Regulation of Financial Services Flashcards
How is the provision of financial services regulated in the UK?
Financial Services and Markets Act 2000
Will many law firms obtain FCA authorisation?
No - stringent level of regulation + small proportion of work for clients requiring authorisation = not cost-efficient
What is the general prohibition under s19(1) of FSMA and what is a breach of it?
- No person may carry on a regulated activity unless he is an authorised person or exempt person
- Breach = criminal offence
So solicitor must assess whether activity is governed by s19
What are the 2 components of a ‘regulated activity’?
A specified investment + specified activity
E.g. advising on the merits (activity) of shares (investment)

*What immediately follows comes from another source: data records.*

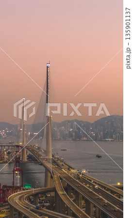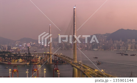 Jan 10 2026 Night Lights Illuminate Stonecutters Bridge Spanning Victoria Harbour
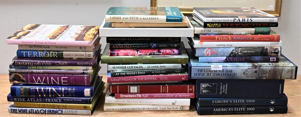Approximately 47 Various Coffee Table Books, topics include wine, France, antiques, along with home decor.
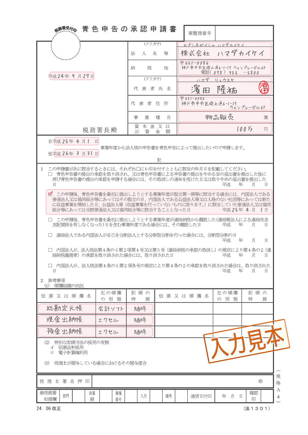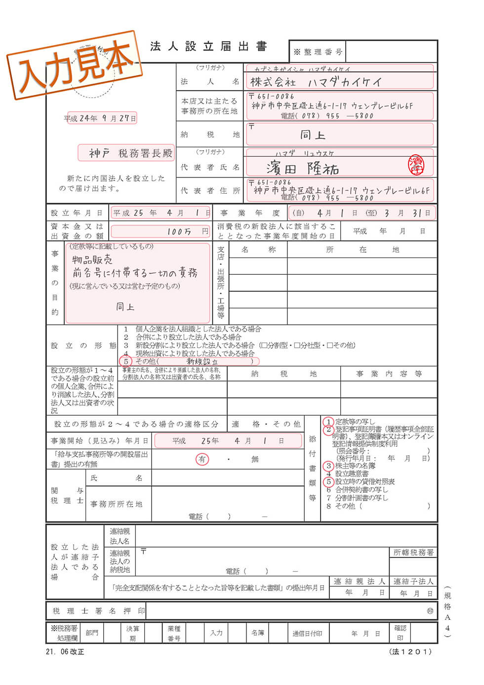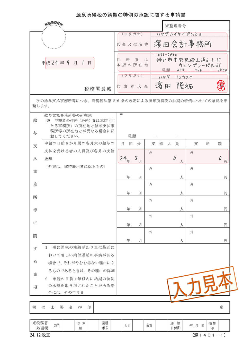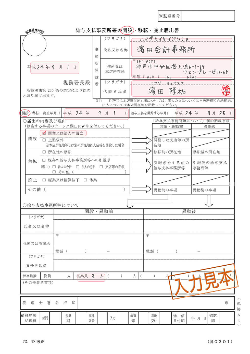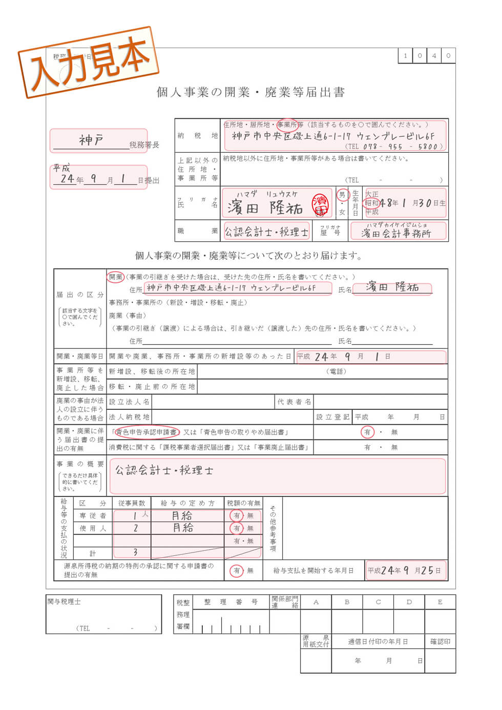 各種届出の記入例はこちら。
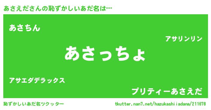 | ヘコむあだ名 | 『つくし』『あさえだ(笑)』 |
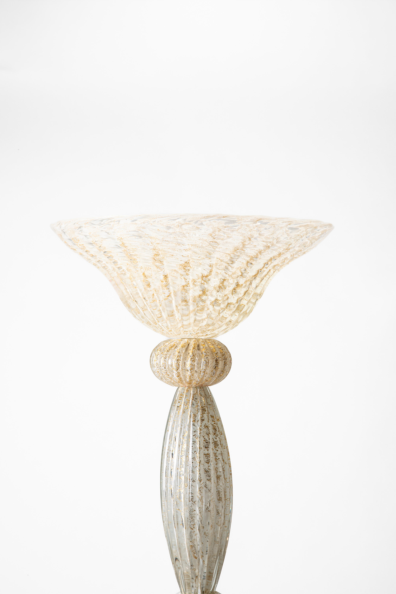 Lampada da terra in vetro con decoro a foglia d'oro e fusto interno in metallo verniciato

What if the activity being proposed to by a client is governed by s19(1) and the solicitor is not an authorised nor exempt person?
They should refer the client to an independent financial advisor authorised by the FCA instead
Why should lawyers make clients aware of the scope of financial services regulations?
- So lawyer does not commit offence
- They can properly advise clients about their own statutory constraints
What are the steps of the Financial Services Decision Tree?
- Is the investment ‘specified’ under FSMA? If yes…
- Is the activity a ‘specified activity’ under FSMA? If yes…
- Is the activity excluded under FSMA? If no…
- Does the activity fulfil the basic conditions in s327 of FSMA and SRA Scope Rule 2? If yes = exemption is possible, if no = authorisation is required
What are the specified investments?
Step 1
- Rights under contract of insurance
- Shares
- Instruments creating/acknowledging indebtedness (inc bonds)
- Government/public securities
- Rights under a pension scheme
- Regulated mortgage contracts (covers typical home buyer’s mortgage but not a loan to buy an office or loan to companies)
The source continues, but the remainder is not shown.